» **ASSIGNED TASK**
Pictures are to be left out. Return exactly the lines below from the one with "Ο Έλληνας πρέσβης" up to and including the one with "1、 空高模式:水位值=水尺總長(zhǎng)-水位+基準(zhǔn)值".

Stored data

....................

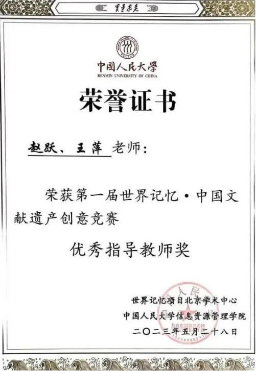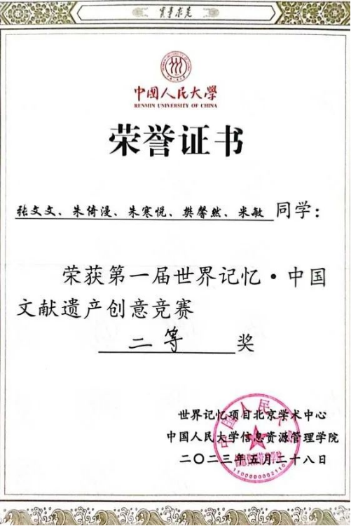 我院档案学专业本科生团队喜获“世界记忆•中国文献遗产创意竞赛”二等奖
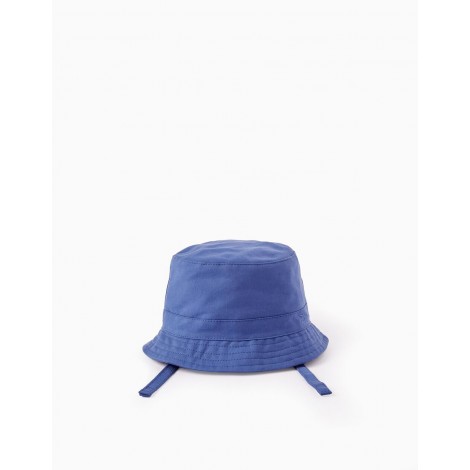 Cappello blu per neonato e bambino, in twill di cotone 100%. Fodera interna in misto poliestere e cotone. Nastri laterali con chiusura a strappo per stringere, per le taglie da 12 m a 24 m. Un accessorio indispensabile per proteggere la pelle sensibile dei bambini nelle giornate soleggiate.
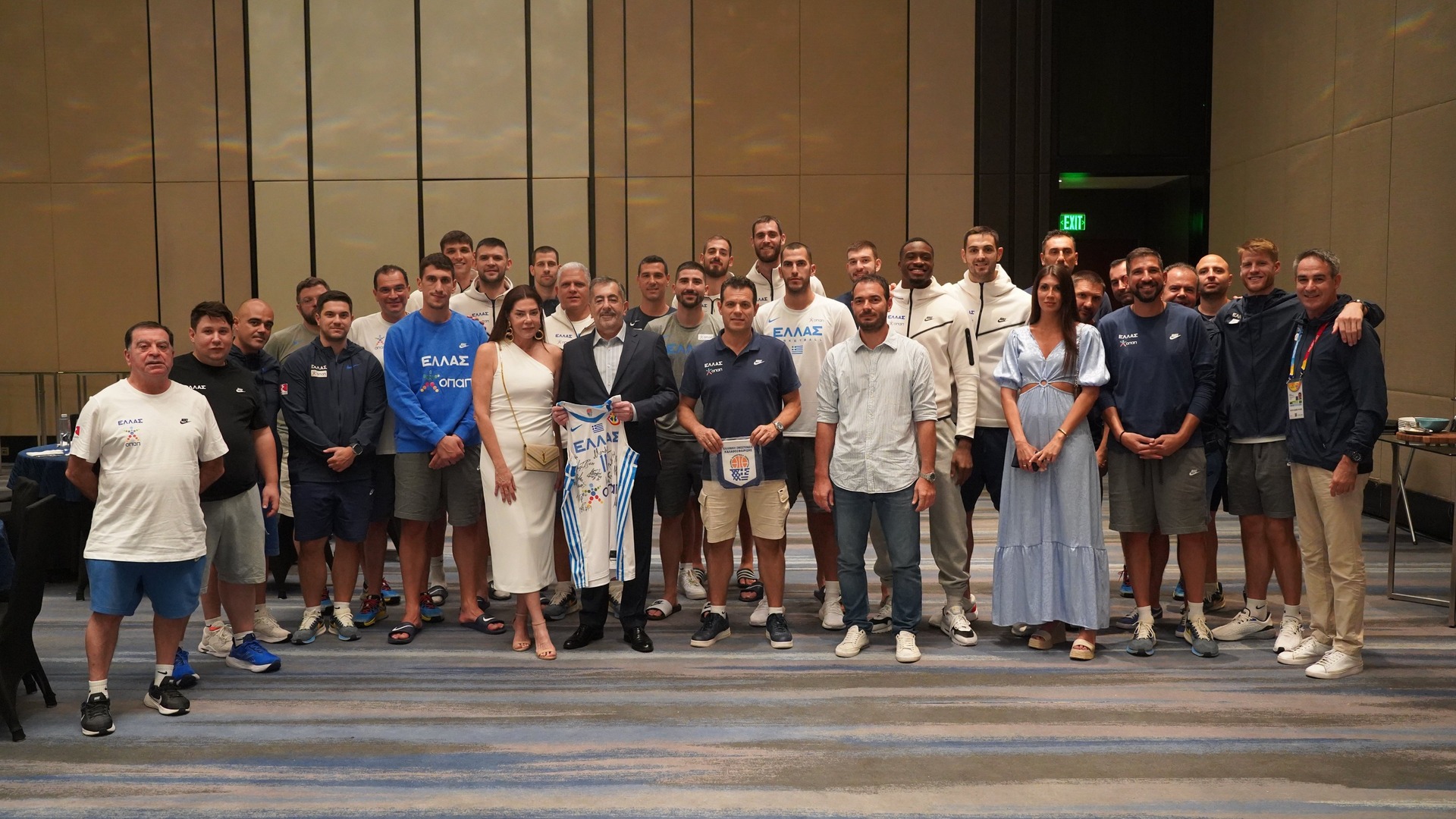 Ο Έλληνας πρέσβης στις Φιλιππίνες, Ιωάννης Πεδιώτης επισκέφτηκε το αντιπροσωπευτικό μας συγκρότημα και ευχήθηκε καλή επιτυχία για το Παγκόσμιο Κύπελλο 2023.
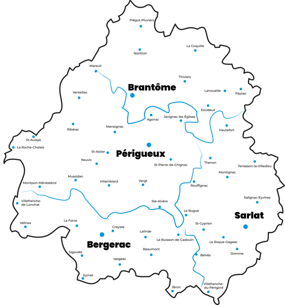 Nous intervenons sur le secteur de la Dordogne avec les localités suivantes :
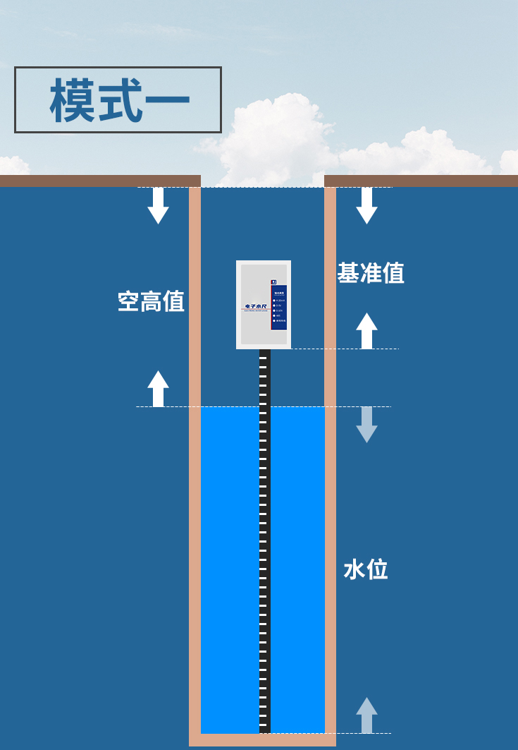 1、 空高模式:水位值=水尺總長(zhǎng)-水位+基準(zhǔn)值
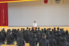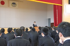 それから、水高生としての身だしなみについて、説明がありました。本校では、月に1回、各学年ごとに服装頭髪指導を行っています。
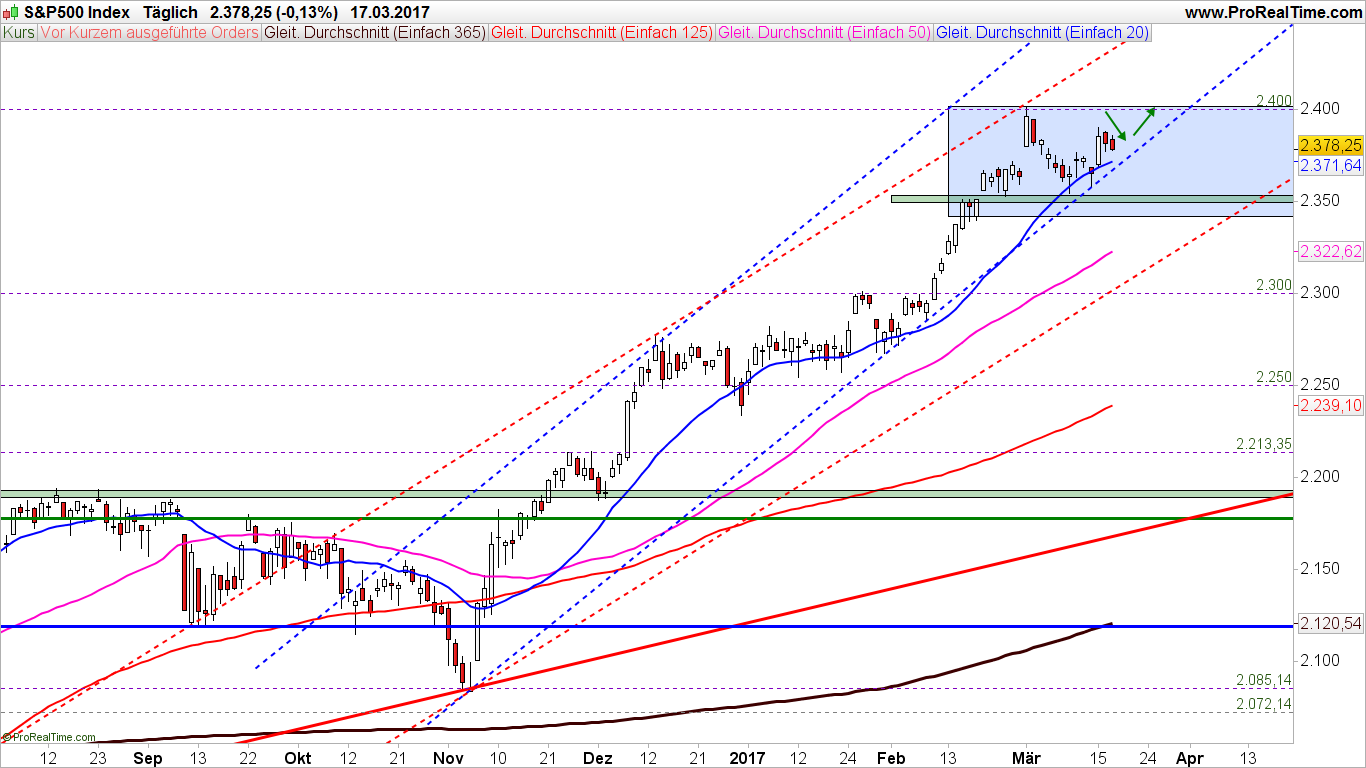 Oberhalb der 2.350er Marke besitzt die aktuelle Konsolidierung einen bullischen Charakter und ist als Trendbestätigen zu bewerten. Sollte in den kommenden Tagen die 2.350er Marke unterschritten werden, ist einer Ausdehnung der Konsolidierung bis 2.300 Punkte sehr wahrscheinlich. Solange aber die 2.300er Marke dabei von den Bullen verteidigt wird, bleibt der kurzfristige Trend aufwärtsgerichtet.

....................

» **YOUR RESPONSE**
 Ο Έλληνας πρέσβης στις Φιλιππίνες, Ιωάννης Πεδιώτης επισκέφτηκε το αντιπροσωπευτικό μας συγκρότημα και ευχήθηκε καλή επιτυχία για το Παγκόσμιο Κύπελλο 2023.
 Nous intervenons sur le secteur de la Dordogne avec les localités suivantes :
 1、 空高模式:水位值=水尺總長(zhǎng)-水位+基準(zhǔn)值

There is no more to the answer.